━━━━━ Extracted records

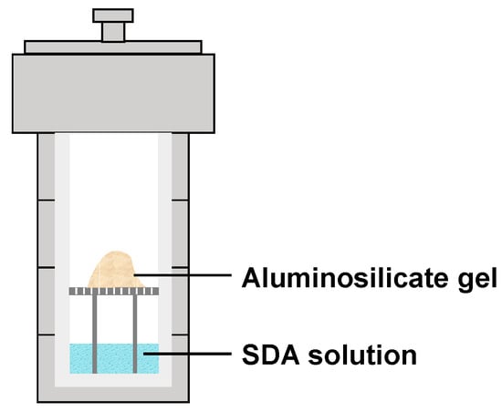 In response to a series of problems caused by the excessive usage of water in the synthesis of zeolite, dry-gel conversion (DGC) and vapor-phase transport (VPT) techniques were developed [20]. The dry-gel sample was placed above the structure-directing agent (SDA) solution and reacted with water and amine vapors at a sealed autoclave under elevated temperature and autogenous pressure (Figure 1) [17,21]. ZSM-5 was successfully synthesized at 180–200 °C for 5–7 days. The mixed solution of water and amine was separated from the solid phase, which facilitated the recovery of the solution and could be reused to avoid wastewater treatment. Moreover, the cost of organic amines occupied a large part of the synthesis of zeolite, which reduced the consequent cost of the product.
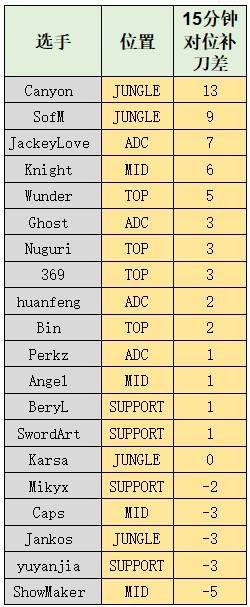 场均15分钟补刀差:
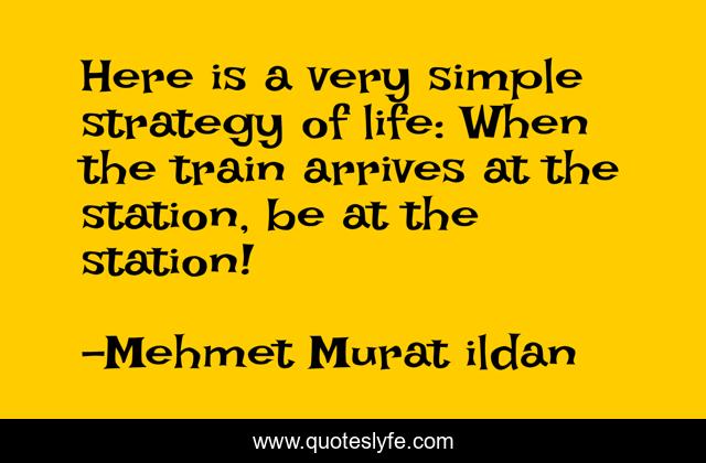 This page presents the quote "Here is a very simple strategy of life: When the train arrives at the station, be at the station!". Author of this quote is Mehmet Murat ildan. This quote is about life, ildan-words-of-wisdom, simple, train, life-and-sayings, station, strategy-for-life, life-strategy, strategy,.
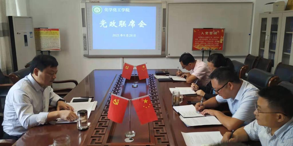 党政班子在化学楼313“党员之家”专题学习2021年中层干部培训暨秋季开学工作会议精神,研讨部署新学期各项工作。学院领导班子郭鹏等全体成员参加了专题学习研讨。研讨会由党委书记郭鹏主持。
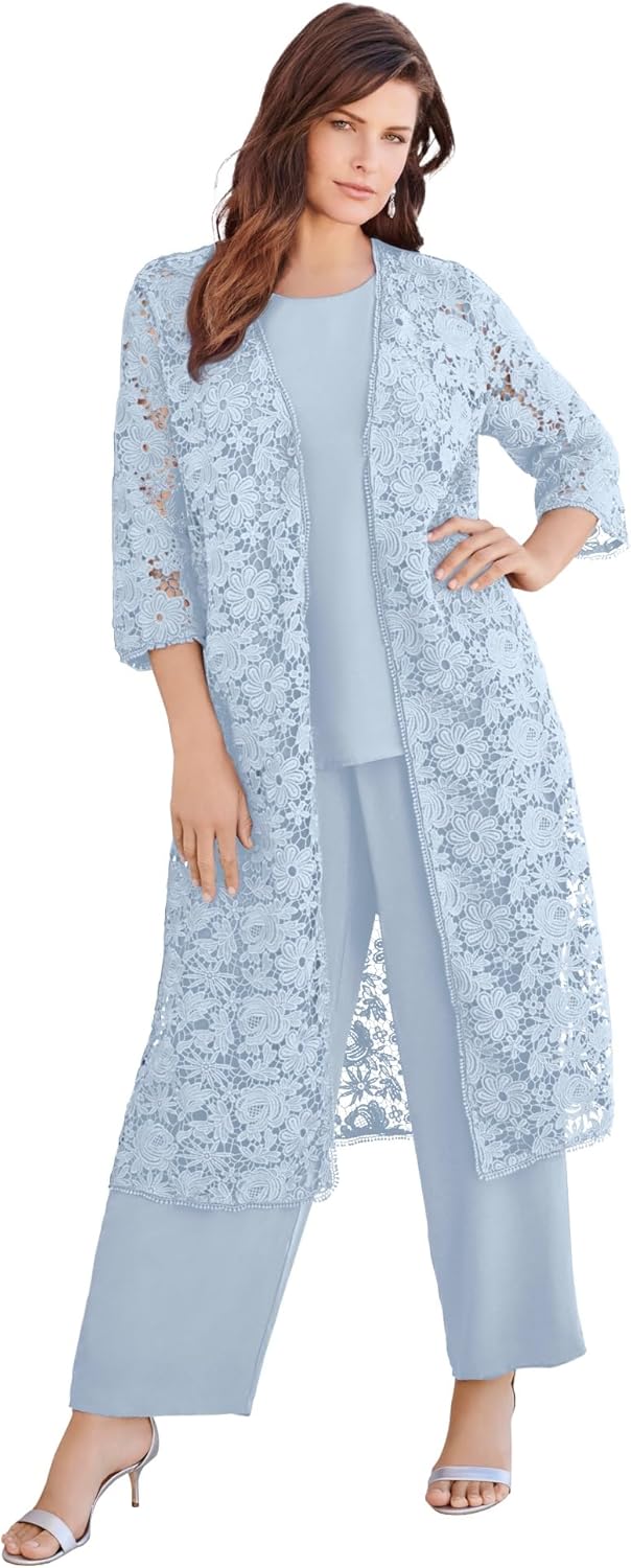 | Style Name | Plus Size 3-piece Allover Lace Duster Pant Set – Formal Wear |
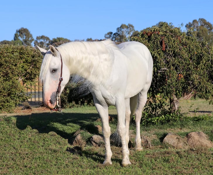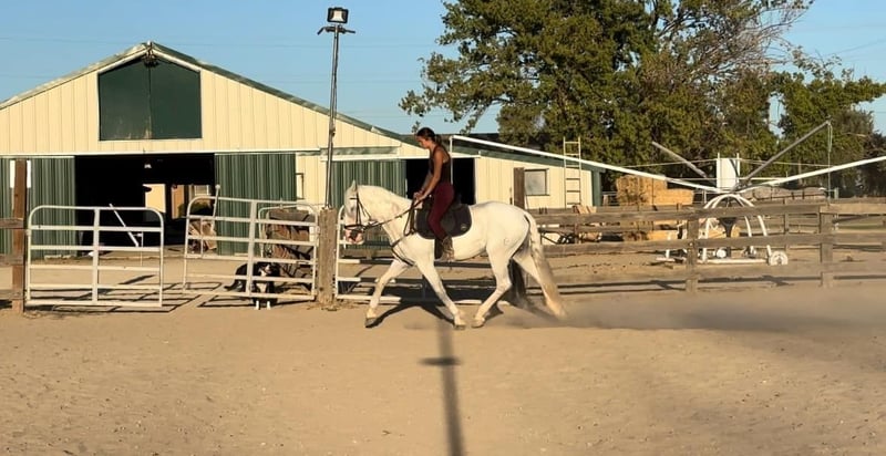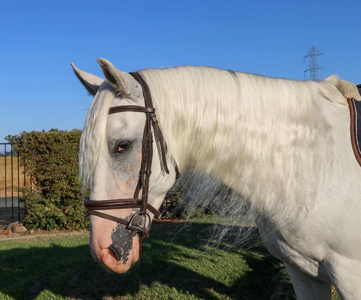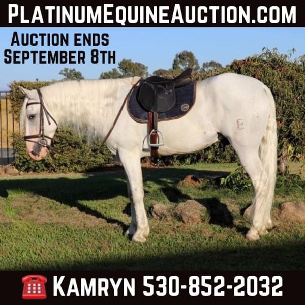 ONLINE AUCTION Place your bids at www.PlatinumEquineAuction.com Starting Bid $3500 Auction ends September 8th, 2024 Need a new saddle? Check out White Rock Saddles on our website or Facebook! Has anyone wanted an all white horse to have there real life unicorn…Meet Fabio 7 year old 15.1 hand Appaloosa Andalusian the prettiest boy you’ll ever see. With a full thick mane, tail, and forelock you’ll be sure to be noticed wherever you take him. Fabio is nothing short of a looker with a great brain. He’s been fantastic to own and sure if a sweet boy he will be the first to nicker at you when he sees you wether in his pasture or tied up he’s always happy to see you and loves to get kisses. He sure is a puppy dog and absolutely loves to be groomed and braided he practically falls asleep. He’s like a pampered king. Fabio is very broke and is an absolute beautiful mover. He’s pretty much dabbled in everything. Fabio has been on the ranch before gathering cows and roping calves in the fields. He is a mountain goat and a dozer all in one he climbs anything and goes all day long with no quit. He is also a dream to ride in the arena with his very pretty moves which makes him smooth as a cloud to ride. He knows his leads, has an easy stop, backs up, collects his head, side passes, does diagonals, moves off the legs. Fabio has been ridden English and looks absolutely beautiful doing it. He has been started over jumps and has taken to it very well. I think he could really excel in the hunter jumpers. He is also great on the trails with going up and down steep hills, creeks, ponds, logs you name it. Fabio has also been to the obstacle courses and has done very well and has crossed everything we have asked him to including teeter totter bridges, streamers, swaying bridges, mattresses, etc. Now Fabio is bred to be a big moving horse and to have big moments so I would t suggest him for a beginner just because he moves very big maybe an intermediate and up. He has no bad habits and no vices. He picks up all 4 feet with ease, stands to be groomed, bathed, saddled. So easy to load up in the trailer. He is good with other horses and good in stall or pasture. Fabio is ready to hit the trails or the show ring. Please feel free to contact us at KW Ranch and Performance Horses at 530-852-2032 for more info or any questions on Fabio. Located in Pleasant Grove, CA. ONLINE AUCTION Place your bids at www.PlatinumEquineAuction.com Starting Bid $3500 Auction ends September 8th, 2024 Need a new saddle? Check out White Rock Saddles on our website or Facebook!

━━━━━━━━━━
━━━━━ Extracted records

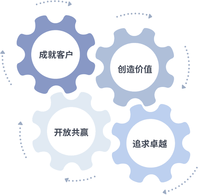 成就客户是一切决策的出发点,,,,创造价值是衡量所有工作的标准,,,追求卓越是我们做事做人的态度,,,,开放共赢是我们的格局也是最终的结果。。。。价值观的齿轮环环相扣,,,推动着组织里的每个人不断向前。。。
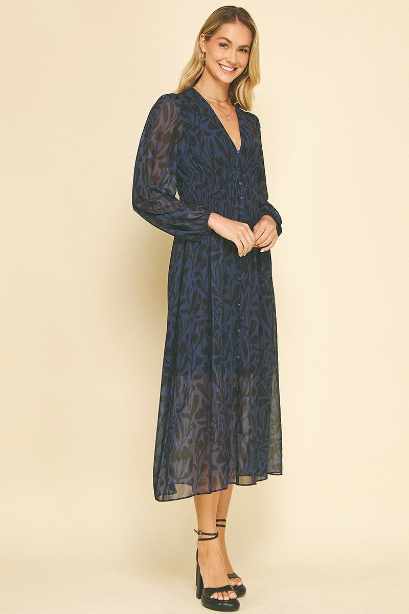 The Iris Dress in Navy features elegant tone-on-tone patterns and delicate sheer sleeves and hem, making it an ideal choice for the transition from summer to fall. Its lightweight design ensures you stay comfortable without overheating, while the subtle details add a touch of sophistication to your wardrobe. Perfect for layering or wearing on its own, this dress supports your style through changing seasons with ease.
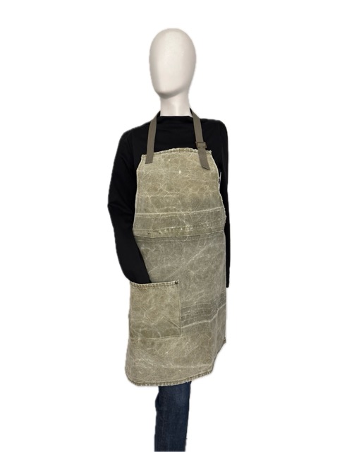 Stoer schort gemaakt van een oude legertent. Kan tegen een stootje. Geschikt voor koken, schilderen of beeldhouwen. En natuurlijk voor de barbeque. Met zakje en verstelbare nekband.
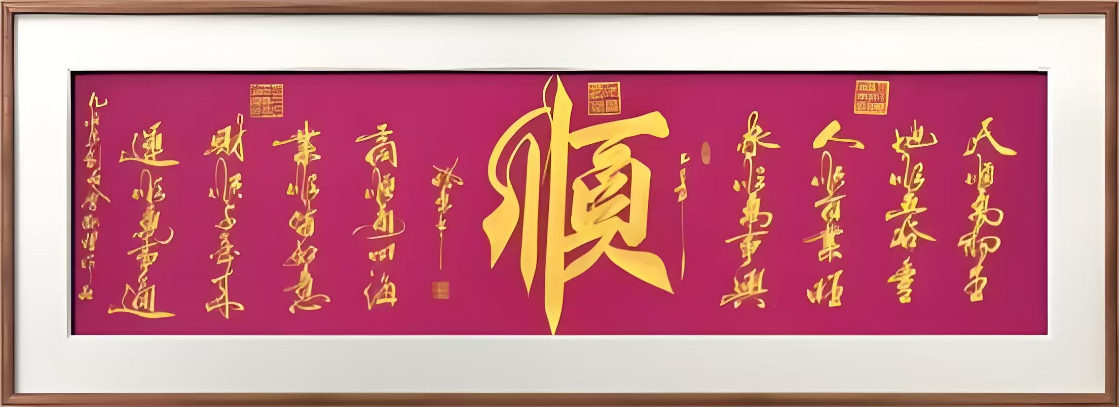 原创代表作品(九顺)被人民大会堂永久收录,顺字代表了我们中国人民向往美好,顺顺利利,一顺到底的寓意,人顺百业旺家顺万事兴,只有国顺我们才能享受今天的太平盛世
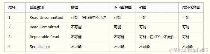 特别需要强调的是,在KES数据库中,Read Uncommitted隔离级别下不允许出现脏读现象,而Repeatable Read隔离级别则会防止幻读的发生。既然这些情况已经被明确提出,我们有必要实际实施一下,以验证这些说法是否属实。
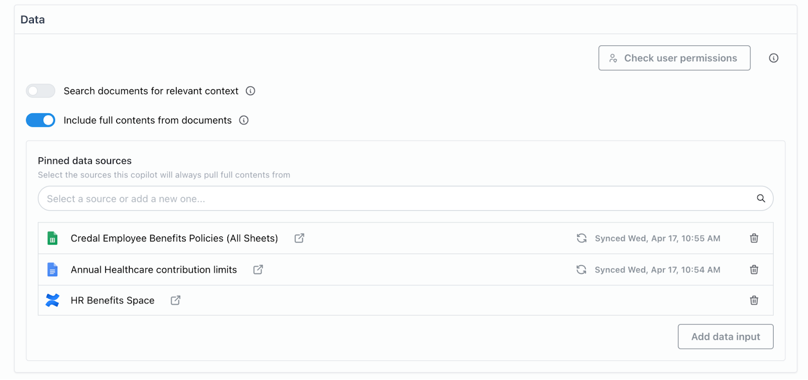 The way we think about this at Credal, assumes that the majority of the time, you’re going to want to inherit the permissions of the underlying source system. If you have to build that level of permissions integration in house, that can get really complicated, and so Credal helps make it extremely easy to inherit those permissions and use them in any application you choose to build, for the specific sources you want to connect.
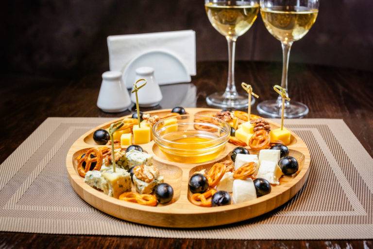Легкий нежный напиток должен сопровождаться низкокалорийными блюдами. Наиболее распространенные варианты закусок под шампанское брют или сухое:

━━━━━━━━━━

> [Action item]
Nothing but the lines from the one with "In response to" up to and including the one with "Formal Wear |" should be printed, exactly as they read above. Please keep the pictures out.

> [Written response]
 In response to a series of problems caused by the excessive usage of water in the synthesis of zeolite, dry-gel conversion (DGC) and vapor-phase transport (VPT) techniques were developed [20]. The dry-gel sample was placed above the structure-directing agent (SDA) solution and reacted with water and amine vapors at a sealed autoclave under elevated temperature and autogenous pressure (Figure 1) [17,21]. ZSM-5 was successfully synthesized at 180–200 °C for 5–7 days. The mixed solution of water and amine was separated from the solid phase, which facilitated the recovery of the solution and could be reused to avoid wastewater treatment. Moreover, the cost of organic amines occupied a large part of the synthesis of zeolite, which reduced the consequent cost of the product.
 场均15分钟补刀差:
 This page presents the quote "Here is a very simple strategy of life: When the train arrives at the station, be at the station!". Author of this quote is Mehmet Murat ildan. This quote is about life, ildan-words-of-wisdom, simple, train, life-and-sayings, station, strategy-for-life, life-strategy, strategy,.
 党政班子在化学楼313“党员之家”专题学习2021年中层干部培训暨秋季开学工作会议精神,研讨部署新学期各项工作。学院领导班子郭鹏等全体成员参加了专题学习研讨。研讨会由党委书记郭鹏主持。
 | Style Name | Plus Size 3-piece Allover Lace Duster Pant Set – Formal Wear |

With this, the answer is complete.